Well, it's hard to say for sure.  Yes, male DCs but unlikely to be all of them.  Just one that re-appears either as a repeated DC or as having similarities with previous DCs.

From http://www.jungcircle.com/muse/lexicon.html
Jung described four stages of animus development in a woman. He first appears in dreams and fantasy as the embodiment of physical power, an athlete, muscle man or thug. In the second stage, the animus provides her with initiative and the capacity for planned action. He is behind a woman's desire for independence and a career of her own. In the next stage, the animus is the "word," often personified in dreams as a professor or clergyman. In the fourth stage, the animus is the incarnation of spiritual meaning. On this highest level, like the anima as Sophia, the animus mediates between a woman's conscious mind and the unconscious. In mythology this aspect of the animus appears as Hermes, messenger of the gods; in dreams he is a helpful guide.


More generally, we tend to "fall in love" with our anima/animus archetypes.  Literally the woman/man of our dreams.  But the key is to find the animus/anima inside of us rather than expecting others to conform to our archetypes.  Dreams give us manifestations of what we can access in our unconscious.

In your case, your animus which you have identified is reliable and treats you well.  I suspect you miss him when the dream finishes.  Are these the "ideal man" qualities for you?  Now for the hard bit.  Can you bring these qualities into awareness and integrate them into RL?  Jung suggests that we develop more effectively if we can.

Bu

----------


## Lucidbulbs

I guess he'd be my ideal, though a few of my DCs with these traits tend to end up avoiding some things I ask them... or tell me some ridiculous story I scold them over, mainly because it's true and entirely their fault [haha, quirks just prove humanity right? But anyways, those issues come up seldomly... I think]. 

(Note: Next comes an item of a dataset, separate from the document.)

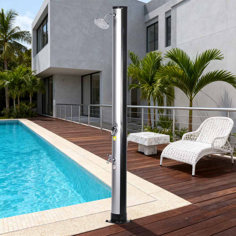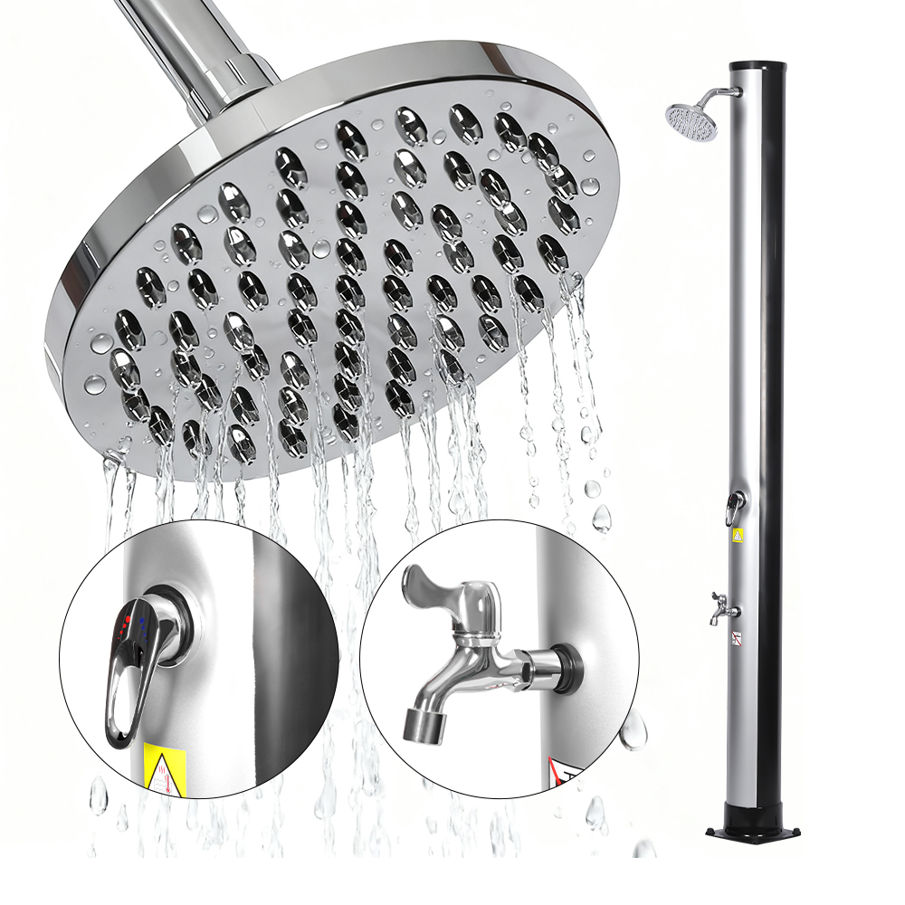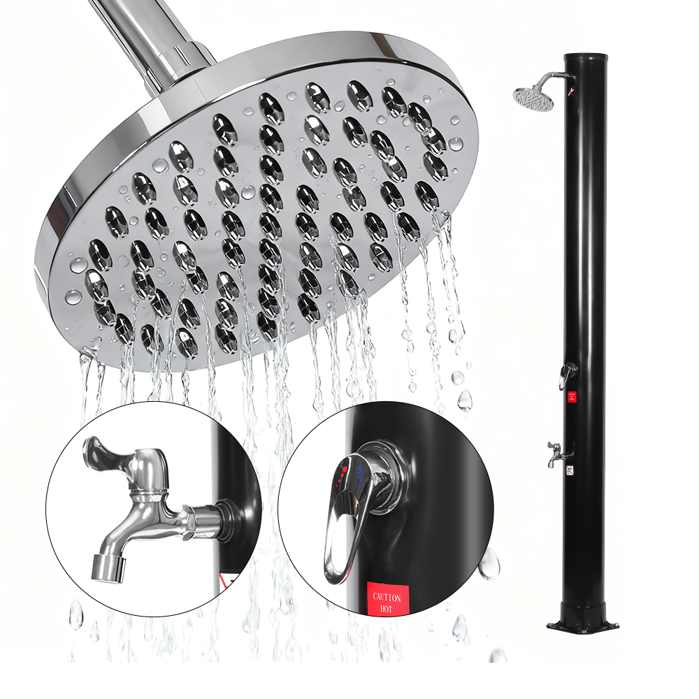 Ống tắm có kích thước rộng rãi của vòi sen năng lượng mặt trời thân thiện với môi trường ngoài trời di động LY35L06 này khai thác sức mạnh của mặt trời để làm nóng nước lên đến 60°C, không cần điện và cung cấp giải pháp thân thiện với môi trường để tắm ngoài trời. Chỉ cần kết nối một vòi tưới vườn tiêu chuẩn để đổ đầy ống tắm và cả gia đình có thể tận hưởng vòi sen phục hồi sức sống trong vườn, bên hồ bơi hoặc trong chuyến đi cắm trại. Một khay kim loại tích hợp tiện dụng giúp bạn dễ dàng lấy những thứ cần thiết khi tắm như xà phòng và dầu gội, đồng thời các khe thoát nước ở phía dưới ngăn nước đọng lại, đảm bảo trải nghiệm sạch sẽ và dễ chịu. Đầu vòi sen xoay 360°, được gắn trên khớp bi tích hợp, cho phép bạn điều chỉnh hướng dòng nước một cách dễ dàng, tạo cảm giác làm mát thú vị, trong khi vòi rửa chân bổ sung giúp bạn làm sạch nhanh chóng một cách thuận tiện. Được thiết kế để thuận tiện, vòi sen này có thể dễ dàng tháo rời để cất giữ nhỏ gọn, tiết kiệm không gian khi trái mùa hoặc để vận chuyển khi đi du lịch.

I think I could, with time and effort to integrate those parts of my animus. Once of course I make myself aware enough to realize almost 24/7 that there are traits that I could work on [which may take some time]. 

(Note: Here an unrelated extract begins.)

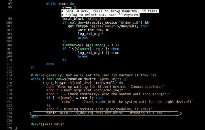 漏洞其实是出现在系统后Cryptsetup处理密码输入错误的时候,它会允许用户多次重试输入密码。而当用户输入错误93次后,程序就会给用户一个带root权限的shell(busybox)。

Thanks for the advice, I'll have to put it into action ^.^

----------


## Burned up

> I guess he'd be my ideal, though a few of my DCs with these traits tend to end up avoiding some things I ask them... or tell me some ridiculous story I scold them over, mainly because it's true and entirely their fault [haha, quirks just prove humanity right? But anyways, those issues come up seldomly... I think]. 
> 
> I think I could, with time and effort to integrate those parts of my animus. Once of course I make myself aware enough to realize almost 24/7 that there are traits that I could work on [which may take some time]. 
> 
> Thanks for the advice, I'll have to put it into action ^.^



Yeah, like you say it will take time and will feel unusual.  But if you can dream it you know you can be it.  In an emotional kind of way, anyway.

Bu

----------